YOUR GOAL:
Starting at the first line and ending at the one with "Vaste trap naar", give the lines of the listing again exactly, and nothing else; skip the pictures.

-- -- --

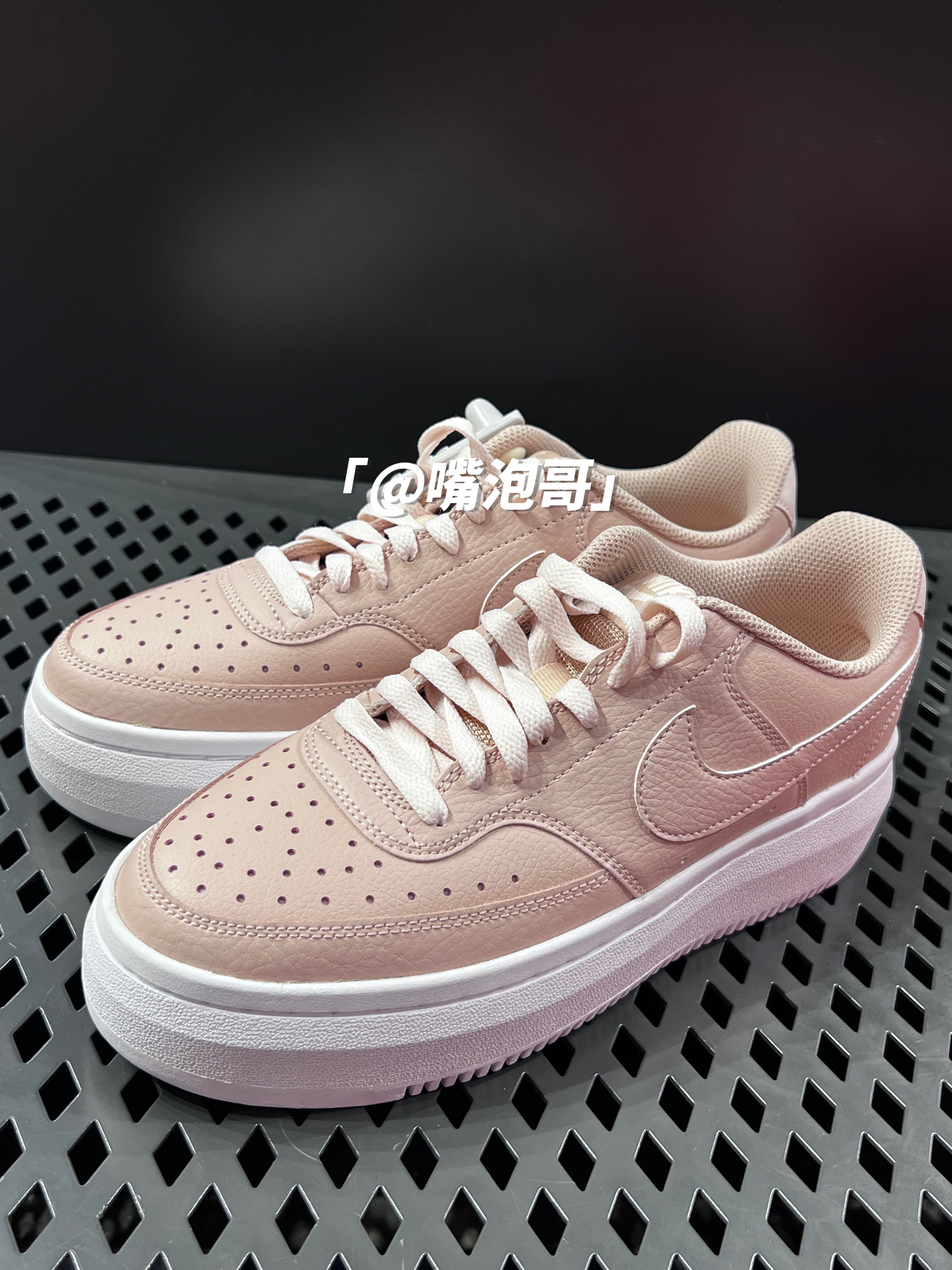 👟:Court Vision 1 Alta 粉色 简介: 鞋款是一双比较经典的Court Vision 1 运动休闲板鞋,从外观可以很好的辨别出,这是一双厚底增高的鞋子,配色上选用了粉色与白色组合,使鞋款很具有“少女心”的感觉。 细节: 鞋面采用了粉色的皮革制作而成,皮质上中规中矩,保证了基础的穿着舒适度,两侧的swoosh同样是用了粉色,与鞋面融为一体,织物鞋舌确保了透气性,中底与大底采...
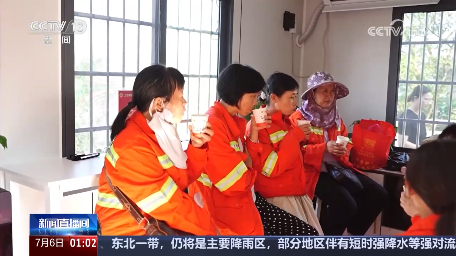 环卫工人 龙满莲:有凉茶、有绿豆还有水,在驿站休息的时候好舒服,很清凉。
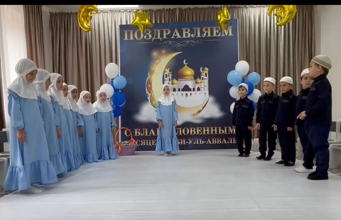 Дети читали стихи, исполняли песни-нашиды про Пророка (да благословит его Аллах и приветствует), а также показывали сценки.
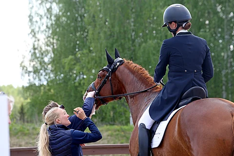 Valmentaja Stella Hagelstamin tulo tiimiin muutti kaiken. Kuvassa Kuokka ja FWB-ruuna Fillyhill's My Special (Blue Hors Don Olymbrio - Partout), jolla Kuokka starttaa GP:tä syyskuussa Vihdissä. Kuva: Leena Alerini
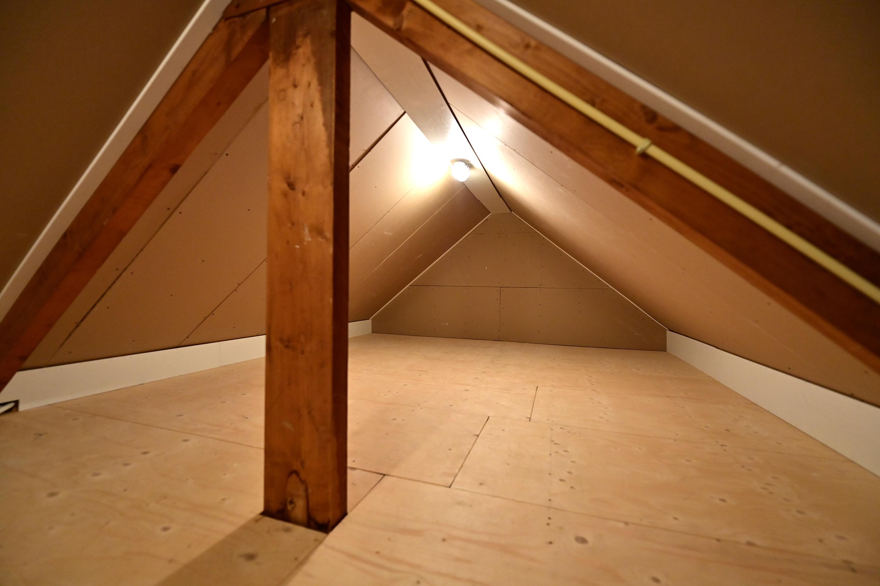 Vaste trap naar geïsoleerde zolderverdieping. Deze zeer ruime en lichte verdieping heeft twee dakkapellen en drie kantelramen.
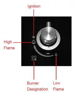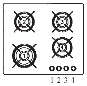 When the gas burner has been turned according to need. The minimum position is found at the end of the anti- clockwise rotation direction. In models with automatic ignition, operate the knob as described above, pressing simultaneously, the cor- responding push-button.
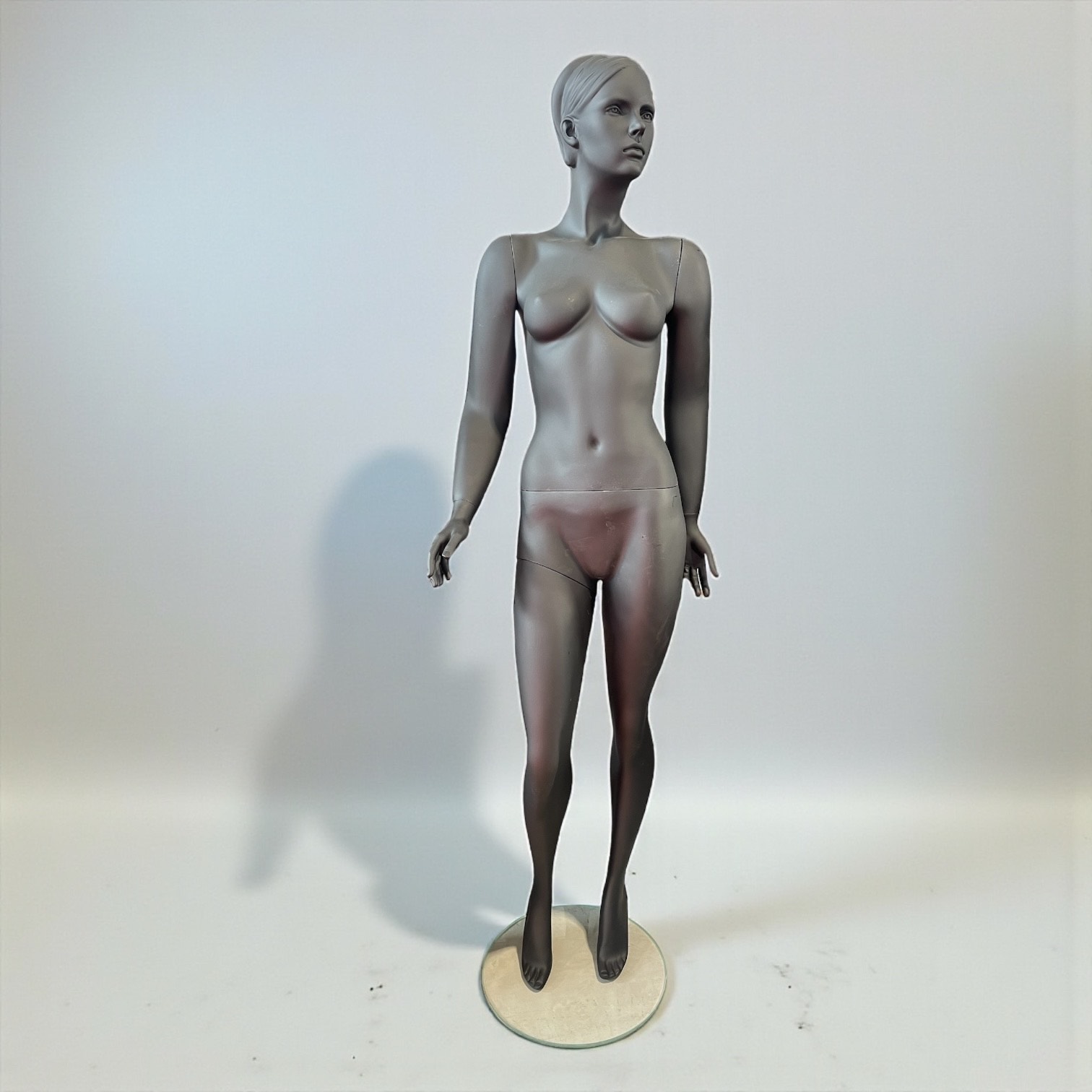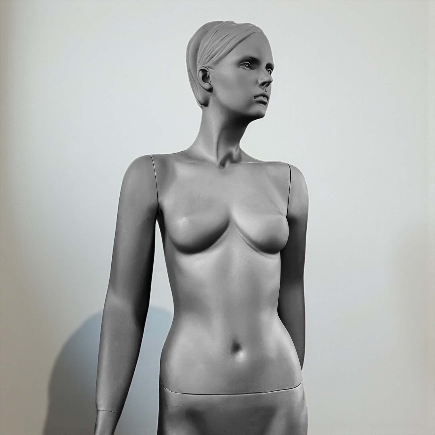 رنگ مشکی مات انتخابی هوشمندانه در طراحی این مدل مانکن است. رنگ مشکی باعث میشود تمامی رنگهای لباس روی مانکن بهتر دیده شوند و کنتراست رنگی خوبی ایجاد شود. علاوه بر این، سطح مات مانکن از انعکاس نور جلوگیری میکند و در نورپردازی ویترین جلوه بسیار زیباتری ایجاد میشود. همین موضوع باعث میشود در عکسبرداریهای حرفهای نیز نتیجه کار به مراتب بهتر و شکیلتر باشد.
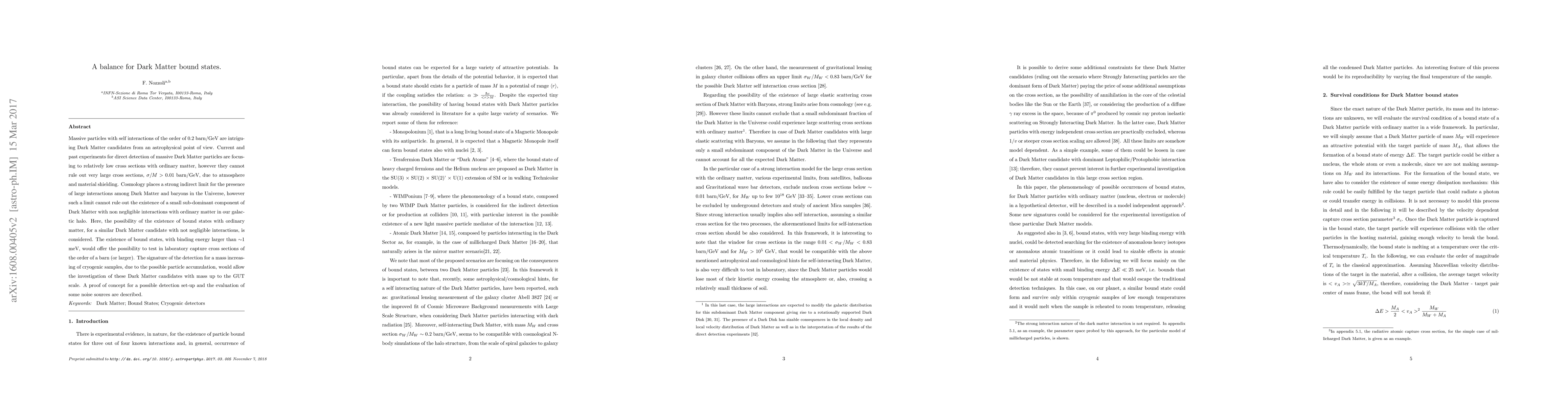 Massive particles with self interactions of the order of 0.2 barn/GeV are intriguing Dark Matter candidates from an astrophysical point of view. Current and past experiments for direct detection of massive Dark Matter particles are focusing to relatively low cross sections with ordinary matter, however they cannot rule out very large cross sections, $\sigma/M > 0.01$ barn/GeV, due to atmosphere and material shielding. Cosmology places a strong indirect limit for the presence of large interactions among Dark Matter and baryons in the Universe, however such a limit cannot rule out the existence of a small sub-dominant component of Dark Matter with non negligible interactions with ordinary matter in our galactic halo. Here, the possibility of the existence of bound states with ordinary matter, for a similar Dark Matter candidate with not negligible interactions, is considered. The existence of bound states, with binding energy larger than $\sim$1 meV, would offer the possibility to test in laboratory capture cross sections of the order of a barn (or larger). The signature of the detection for a mass increasing of cryogenic samples, due to the possible particle accumulation, would allow the investigation of these Dark Matter candidates with mass up to the GUT scale. A proof of concept for a possible detection set-up and the evaluation of some noise sources are described.

-- -- --

EXERCISE RESULT:
 👟:Court Vision 1 Alta 粉色 简介: 鞋款是一双比较经典的Court Vision 1 运动休闲板鞋,从外观可以很好的辨别出,这是一双厚底增高的鞋子,配色上选用了粉色与白色组合,使鞋款很具有“少女心”的感觉。 细节: 鞋面采用了粉色的皮革制作而成,皮质上中规中矩,保证了基础的穿着舒适度,两侧的swoosh同样是用了粉色,与鞋面融为一体,织物鞋舌确保了透气性,中底与大底采...
 环卫工人 龙满莲:有凉茶、有绿豆还有水,在驿站休息的时候好舒服,很清凉。
 Дети читали стихи, исполняли песни-нашиды про Пророка (да благословит его Аллах и приветствует), а также показывали сценки.
 Valmentaja Stella Hagelstamin tulo tiimiin muutti kaiken. Kuvassa Kuokka ja FWB-ruuna Fillyhill's My Special (Blue Hors Don Olymbrio - Partout), jolla Kuokka starttaa GP:tä syyskuussa Vihdissä. Kuva: Leena Alerini
 Vaste trap naar geïsoleerde zolderverdieping. Deze zeer ruime en lichte verdieping heeft twee dakkapellen en drie kantelramen.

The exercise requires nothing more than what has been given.